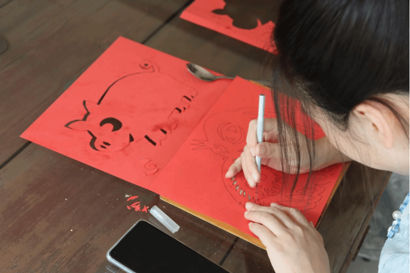 刻纸艺术源于剪纸而精于剪纸,有单色和彩色以及阴、阳刻之分。竹刻则是以刀代笔,在竹子上刻制书画等作品。2012年,刻纸和竹刻艺术被列入市级非物质文化遗产名录。“要完成一幅刻纸作品,比创作一幅工笔画还要复杂。首先,我们要将构思好的画稿画在硫酸纸上,接着把宣纸和画稿装订在一起,再把订好的画稿放在蜡板上,用特制的刻刀沿线条轮廓刻出来。因此,也需要有扎实的绘画功底”马振领说。同学们认真观摩学习,本次非遗活动不仅提升了大家对刻纸技术的兴趣,也让同学们对其有了更加深刻的了解与认识。乐道拾遗,匠心铸遗,使同学们能够将专业学习与文化传承相结合,深度体验璀璨夺目的非物质文化遗产艺术,在艺术中接受熏陶洗礼,在美育中体悟家国情怀。
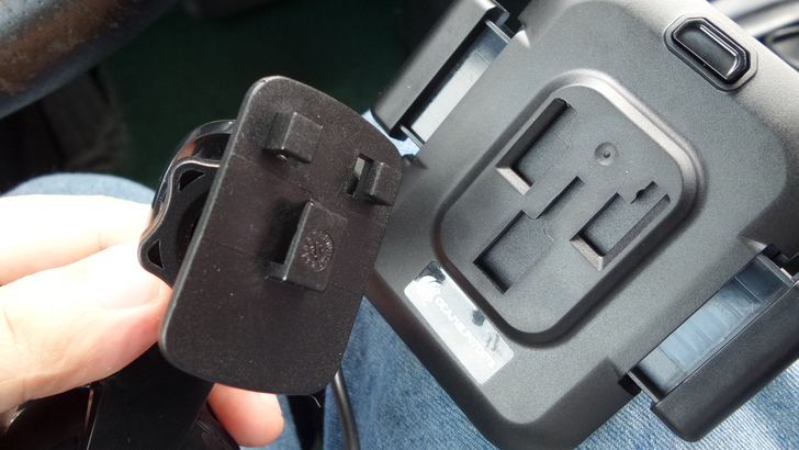 【▼】實際安裝儀表板的支架,首先先將支架T字連接頭(公插)與無線充電夾具(母座)後方孔位對準。
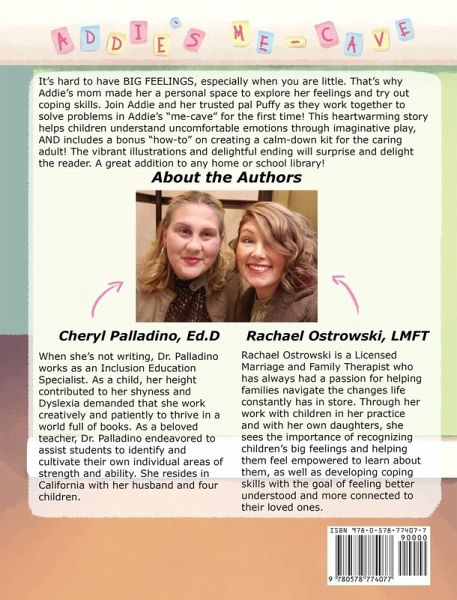 It's hard to have BIG FEELINGS, especially when you are little. That's why Addie's mom made her a personal space to explore her feelings and try out coping skills. Join Addie and her trusted pal Puffy, as they work together to solve problems in Addie's "me-cave". This heartwarming story helps children understand uncomfortable emotions through imaginative play, AND includes a bonus "how-to" create a calm-down area for the caring adult! The vibrant illustrations and delightful ending will surprise and delight the reader. A must-have addition to any home or classroom library!
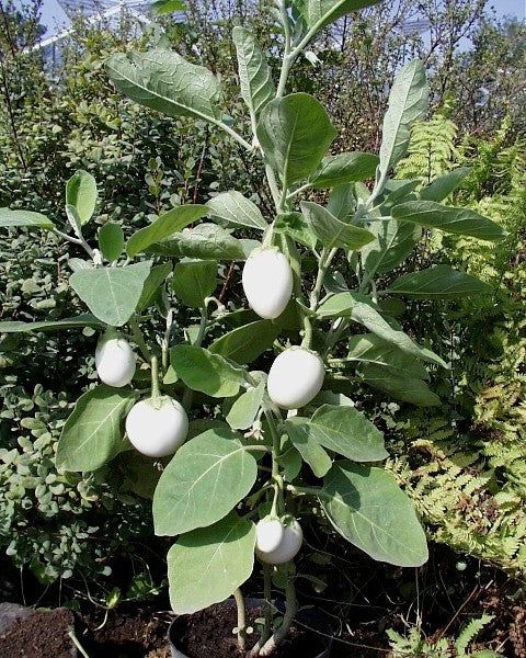 জাতের নাম: Tian Egg White Brinjal (তিয়ানএগ সাদা বেগুন)
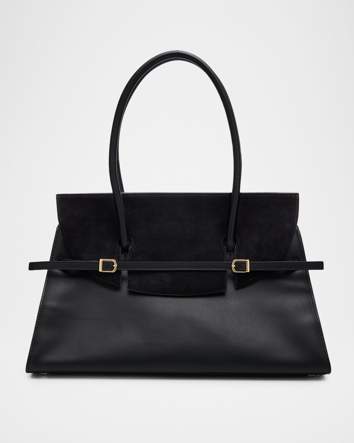 Designed with a suede flap for soft contrast, this structured SIMKHAI "River" shoulder bag is crafted in leather and features a wraparound double buckle belt strap for a cinched silhouette Rolled shoulder straps, 8.3" drop Flap top with magnetic closure Interior, one zip pocket, two slip pockets Feet protect the bottom of the bag Lining: Polyester Trim: Leather Approx. 9.6"H x 15"W x 7.5"D Imported

====

Copy the data above word for word. Pictures stay out.

 刻纸艺术源于剪纸而精于剪纸,有单色和彩色以及阴、阳刻之分。竹刻则是以刀代笔,在竹子上刻制书画等作品。2012年,刻纸和竹刻艺术被列入市级非物质文化遗产名录。“要完成一幅刻纸作品,比创作一幅工笔画还要复杂。首先,我们要将构思好的画稿画在硫酸纸上,接着把宣纸和画稿装订在一起,再把订好的画稿放在蜡板上,用特制的刻刀沿线条轮廓刻出来。因此,也需要有扎实的绘画功底”马振领说。同学们认真观摩学习,本次非遗活动不仅提升了大家对刻纸技术的兴趣,也让同学们对其有了更加深刻的了解与认识。乐道拾遗,匠心铸遗,使同学们能够将专业学习与文化传承相结合,深度体验璀璨夺目的非物质文化遗产艺术,在艺术中接受熏陶洗礼,在美育中体悟家国情怀。
 【▼】實際安裝儀表板的支架,首先先將支架T字連接頭(公插)與無線充電夾具(母座)後方孔位對準。
 It's hard to have BIG FEELINGS, especially when you are little. That's why Addie's mom made her a personal space to explore her feelings and try out coping skills. Join Addie and her trusted pal Puffy, as they work together to solve problems in Addie's "me-cave". This heartwarming story helps children understand uncomfortable emotions through imaginative play, AND includes a bonus "how-to" create a calm-down area for the caring adult! The vibrant illustrations and delightful ending will surprise and delight the reader. A must-have addition to any home or classroom library!
 জাতের নাম: Tian Egg White Brinjal (তিয়ানএগ সাদা বেগুন)
 Designed with a suede flap for soft contrast, this structured SIMKHAI "River" shoulder bag is crafted in leather and features a wraparound double buckle belt strap for a cinched silhouette Rolled shoulder straps, 8.3" drop Flap top with magnetic closure Interior, one zip pocket, two slip pockets Feet protect the bottom of the bag Lining: Polyester Trim: Leather Approx. 9.6"H x 15"W x 7.5"D Imported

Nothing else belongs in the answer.